Harken back to Episode 2, where Chromecast was mentioned. You should recall that at the time, Chromecast was unable to send local content to your TV because the SDK was hobbled to not allow this. There were some hacks like using Chrome with an extension, but it didn’t work well. The fellow who created AllCast, Koushik Dutta was unhappy about his app being disabled. Well, that situation has been turned around and for the moment, AllCast works again.

I brought one home from a trip the the USA last year. I mentioned in the G+ Bad Voltage community at the time that the usual trick for streaming outside the USA, proxies and such wasn’t working for Chromecast because it was using hard-coded DNS servers.

I’m a little shy about posting links now and want you to know I have nothing to do with Chromecast, Google, AllCast or anything else mentioned here :wink:

Have any of you found a good use for Chromecast (or does anyone even have one)?

Eeeenteresting. Do you get the sense that AllCast now works because it is Properly Allowed Technology, or is it taking advantage of a loophole and might get re-hobbled at some point?

I am hoping that Kouch “learned his lesson” and has jumped on the public SDK without going further. However, we’ve been discussing this on Twitter (we being developers and myself) and agree that you never know when the urg will be pulled out if you’re depending on someone else’s platform.
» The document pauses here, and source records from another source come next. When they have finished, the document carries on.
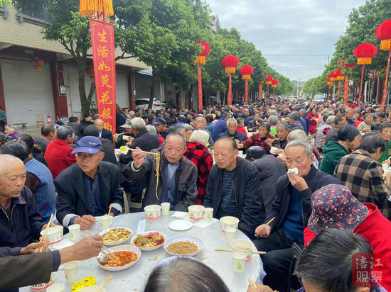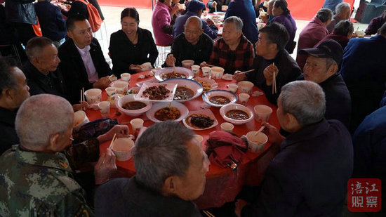 在江油市厚壩鎮(zhèn)文勝村,80桌壩壩宴讓全村老人共享口福。800多位老人收到了愛心商家贊助的節(jié)日禮品,并觀看了村里文藝愛好者自編自演的有趣節(jié)目。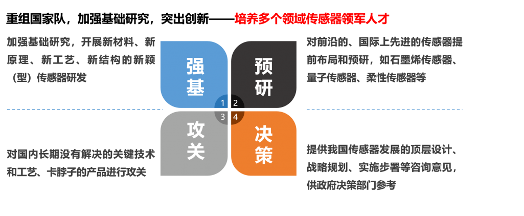 1、重組國(guó)家隊(duì),加強(qiáng)基礎(chǔ)研究,突出創(chuàng)新——培養(yǎng)多個(gè)領(lǐng)域傳感器領(lǐng)軍人才。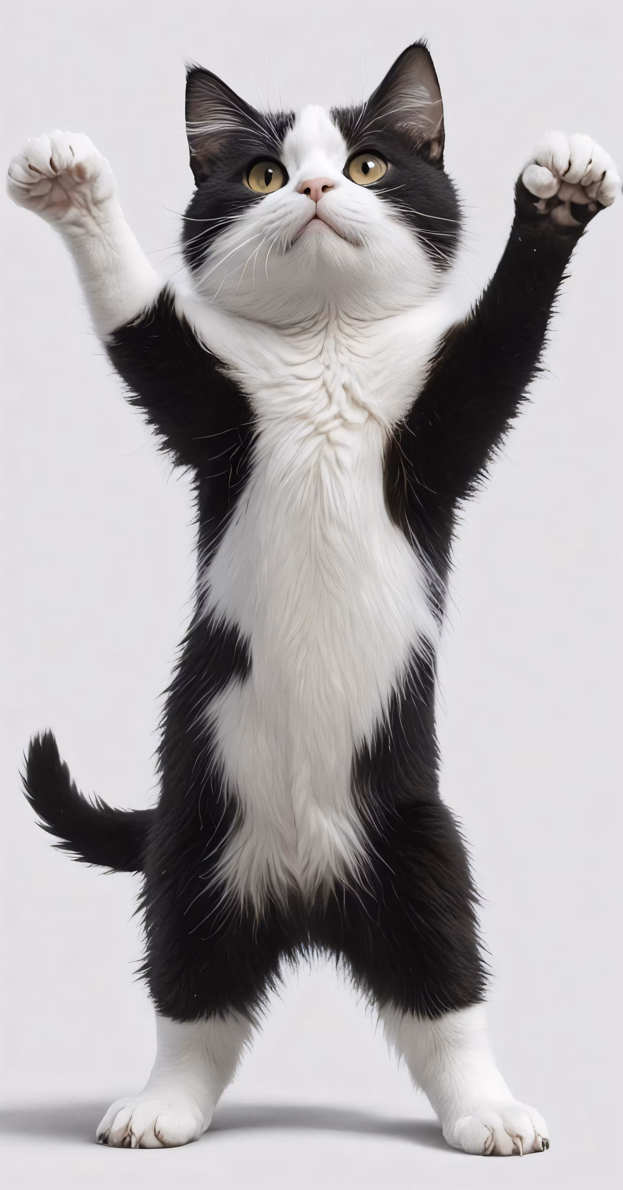 High resolution picture, free to use, a cat with his paws up with its arms in the air

One dev said “that goes double for Google. I lost months on Wave!”.
Chromecast will only be really useful when it’s relatively easy to use with almost anything. That means ubiquitous “Cast” buttons on appropriate apps and an SDK that’s stable.

Agreed a bit on the rug-pulling potential of using someone else’s platform, but frankly everything you do is on someone else’s platform unless you’re a chip designer for Intel, and you miss out on a lot of stuff if you refuse. So I wouldn’t take it too far. It does mean that it’s fairly easy for a platform provider to burn its dependents by screwing them one too many times – if you’re massive, like Google and Apple and MS, then you can afford to do this a lot because you’re massive and people can’t afford to ignore you, but it’s a salutary thing for smaller players…
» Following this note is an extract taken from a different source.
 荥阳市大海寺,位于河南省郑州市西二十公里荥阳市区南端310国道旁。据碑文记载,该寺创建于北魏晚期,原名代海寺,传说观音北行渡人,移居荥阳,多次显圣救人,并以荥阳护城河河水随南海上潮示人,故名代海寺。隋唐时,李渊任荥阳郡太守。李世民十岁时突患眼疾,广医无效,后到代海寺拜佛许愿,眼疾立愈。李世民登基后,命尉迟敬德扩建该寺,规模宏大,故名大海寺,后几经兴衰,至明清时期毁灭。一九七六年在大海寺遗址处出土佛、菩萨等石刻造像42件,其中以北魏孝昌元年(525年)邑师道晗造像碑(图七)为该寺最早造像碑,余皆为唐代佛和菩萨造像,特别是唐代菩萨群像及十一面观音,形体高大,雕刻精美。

No question, we drive or ride on roads, someone can decide to slap a toll on them, change the speed limit, etc. In return for Google’s conditions and a possible problem down the road, though, you get a huge leg up when you have a good idea and want to implement it quickly. One recent example of this is a Hangout app that ties Hangouts to a conference server. All they had to do to add great video support to their audio server was to make one call in the app :slight_smile:
Back to topic, pulling out of rugs, look at what Twitter did. Google’s most recent big step was the removal of the XMPP compatibility from Gtalk. I do not believe they’re worse than any large corp, though, and as I say, they provide a great platform in many of the available services.

I still do not get audio on a cast tab in chrome. The audio is fine in a youtube session, but not in a cast tab.

I found, and have seen others complain, that video stutters on a Chrome tab. I don’t recall whether I was getting any audio. I think the Chrome tab thing was really for stills anyway, to show photos to your granny and such.